INPUT DATA:
***

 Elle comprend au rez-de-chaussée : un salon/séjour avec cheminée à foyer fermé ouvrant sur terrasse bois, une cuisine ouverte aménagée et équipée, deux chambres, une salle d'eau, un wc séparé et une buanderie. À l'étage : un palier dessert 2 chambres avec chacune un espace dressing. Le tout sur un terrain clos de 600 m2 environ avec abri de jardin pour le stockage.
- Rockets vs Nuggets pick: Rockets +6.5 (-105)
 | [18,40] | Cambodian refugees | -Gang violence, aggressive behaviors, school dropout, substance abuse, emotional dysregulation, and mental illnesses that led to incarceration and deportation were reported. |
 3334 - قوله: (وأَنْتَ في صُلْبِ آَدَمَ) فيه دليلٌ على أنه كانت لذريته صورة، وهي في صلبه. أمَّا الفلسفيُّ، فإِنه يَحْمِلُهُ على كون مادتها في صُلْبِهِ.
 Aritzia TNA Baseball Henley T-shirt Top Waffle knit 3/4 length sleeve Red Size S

***

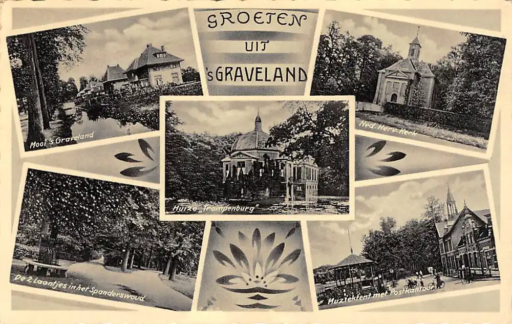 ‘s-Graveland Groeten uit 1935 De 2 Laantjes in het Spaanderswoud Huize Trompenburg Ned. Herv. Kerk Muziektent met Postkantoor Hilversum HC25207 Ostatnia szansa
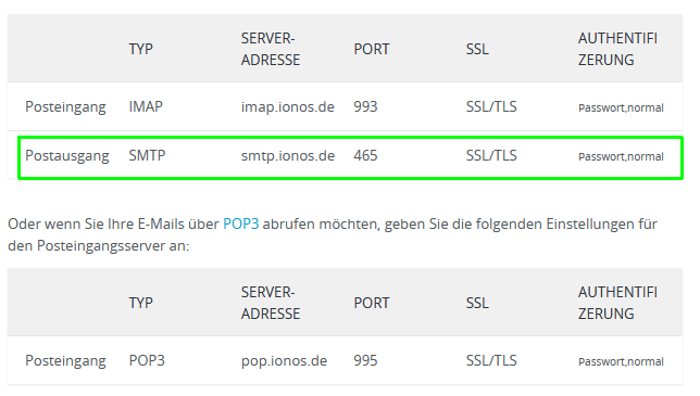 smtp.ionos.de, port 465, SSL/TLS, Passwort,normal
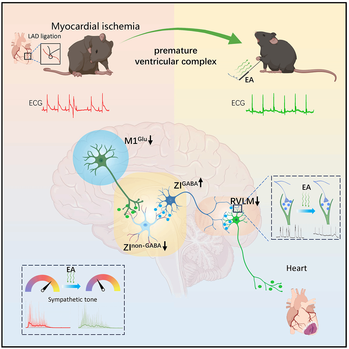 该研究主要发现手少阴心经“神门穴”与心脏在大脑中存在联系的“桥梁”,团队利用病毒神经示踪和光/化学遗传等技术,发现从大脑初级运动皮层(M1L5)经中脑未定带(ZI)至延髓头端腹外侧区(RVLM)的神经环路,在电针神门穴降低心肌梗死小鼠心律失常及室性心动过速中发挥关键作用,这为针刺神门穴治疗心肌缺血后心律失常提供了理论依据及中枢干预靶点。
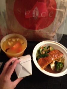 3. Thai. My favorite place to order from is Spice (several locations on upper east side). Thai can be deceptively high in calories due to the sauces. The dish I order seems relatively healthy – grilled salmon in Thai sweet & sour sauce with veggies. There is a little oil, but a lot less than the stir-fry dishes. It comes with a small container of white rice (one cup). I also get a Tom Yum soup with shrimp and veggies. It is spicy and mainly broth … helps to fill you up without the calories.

***

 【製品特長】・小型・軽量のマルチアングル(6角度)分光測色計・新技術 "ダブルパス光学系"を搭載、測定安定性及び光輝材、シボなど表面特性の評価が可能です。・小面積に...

***

TASK ITEM: Find the line with "smtp.ionos.de, port 465, SSL/TLS, Passwort,normal" in the data above, and from there retype each line exactly through the line with "3. Thai. My", skipping the pictures along the way.

WRITTEN SOLUTION:
 smtp.ionos.de, port 465, SSL/TLS, Passwort,normal
 该研究主要发现手少阴心经“神门穴”与心脏在大脑中存在联系的“桥梁”,团队利用病毒神经示踪和光/化学遗传等技术,发现从大脑初级运动皮层(M1L5)经中脑未定带(ZI)至延髓头端腹外侧区(RVLM)的神经环路,在电针神门穴降低心肌梗死小鼠心律失常及室性心动过速中发挥关键作用,这为针刺神门穴治疗心肌缺血后心律失常提供了理论依据及中枢干预靶点。
 3. Thai. My favorite place to order from is Spice (several locations on upper east side). Thai can be deceptively high in calories due to the sauces. The dish I order seems relatively healthy – grilled salmon in Thai sweet & sour sauce with veggies. There is a little oil, but a lot less than the stir-fry dishes. It comes with a small container of white rice (one cup). I also get a Tom Yum soup with shrimp and veggies. It is spicy and mainly broth … helps to fill you up without the calories.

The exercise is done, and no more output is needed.